There is an opposition, apparently, between the knower and the known. And so we talk about “facing” reality. We talk about “coming into” this world—as if somehow we didn’t belong, as if instead of being leaves growing out of a tree we were a lot of birds that had alighted on bare branches.
There is, as yet, no really serious program at the government level to do anything radical about the pollution of water, the waste of water, the pollution of air, and the general ravaging of the United States of America. I’m amazed that congressmen can pass a bill imposing severe penalties on anyone who burns the American flag, whereas they are responsible for burning that for which the flag stands: the United States as a territory, as a people, and as a biological manifestation. That is an example of our perennial confusion of symbols with realities.
Because what you really are as a body, as a living organism, is not some sort of separate existence coated by a skin which divides you from the rest of the world.
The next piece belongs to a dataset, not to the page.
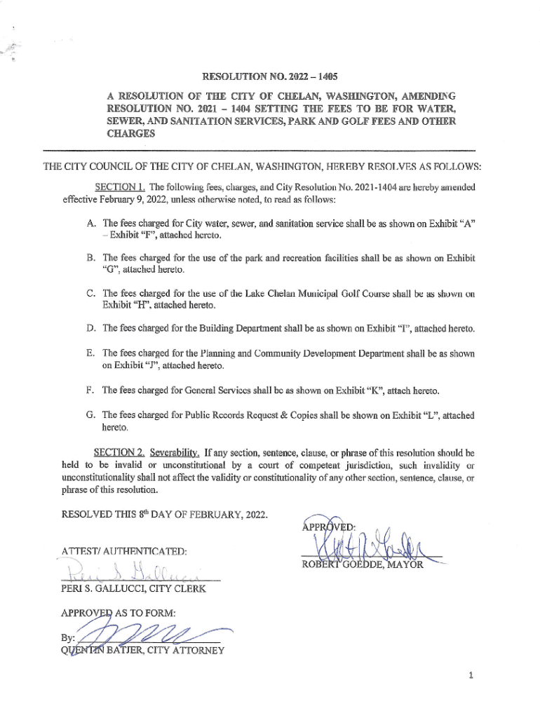 RESOLUTION NO.2022 1405A RESOLUTION OF THE CITY OF CLAN, WASHINGTON, AMENDING RESOLUTION NO. 2021 1404 SETTING THE FEES TO BE FOR WATER, SEWER, AND SANITATION SERVICES, PARK AND GOLF FEES AND OTHER

Shakespeare has King John saying to Hubert: “Within this wall of flesh there is a soul counts thee her creditor.” “Within this wall of flesh:” the skin considered as a barrier, when actually, from a biological point of view, the human skin and all skins are osmotic membranes. You know, when you get something by osmosis, by sort of soaking it in. So, in the same way, one’s skin is a spongy construction full of holes. Full of communicators; nerve ends. And your skin is simply a vibrating membrane through which the so-called external world flows into you and through you. So that you yourself, actually, are not so much an entity that moves around in an environment, you are much more like a whirlpool in a stream. And, as you know, the whirlpool is constant only in its doing—that is to say, in its whirling. And you could recognize individual whirligigs in a stream. But the water is flowing through them all the time. They are never the same for a second. And so it is also with us.
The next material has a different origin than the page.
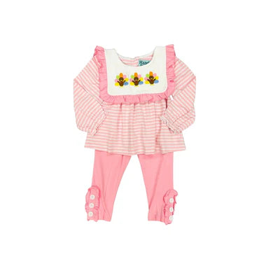 Hazel Blue Pink Stripe Turkey Applique Legging Set

Imagine, for example, a university: the student body, undergraduate, changes every four years. The faculty changes every so often. The buildings keep changing more and more. What constitutes the University of California? It certainly isn’t the faculty, it isn’t the students, it isn’t the governors, it isn’t the administration, it isn’t the buildings. What is it? Why, a doing! A behavior. A university-ing process of study and experiment and so on. So it is exactly the same with you. You flow. You are a process.
Organisms don’t have bosses. They are essentially, I would say, democratic arrangements where—somehow, in a marvelous way—an enormous company of cells are working together.
Fascinating thing about bees and flowers is: they are very different looking things. A flower sits still and blooms and it smells—or stinks, to be correct. The bee moves about and buzzes. But they are all one organism. You don’t find flowers without bees, you don’t find bees without flowers. They are just as much one as your head and your feet, which also look very different.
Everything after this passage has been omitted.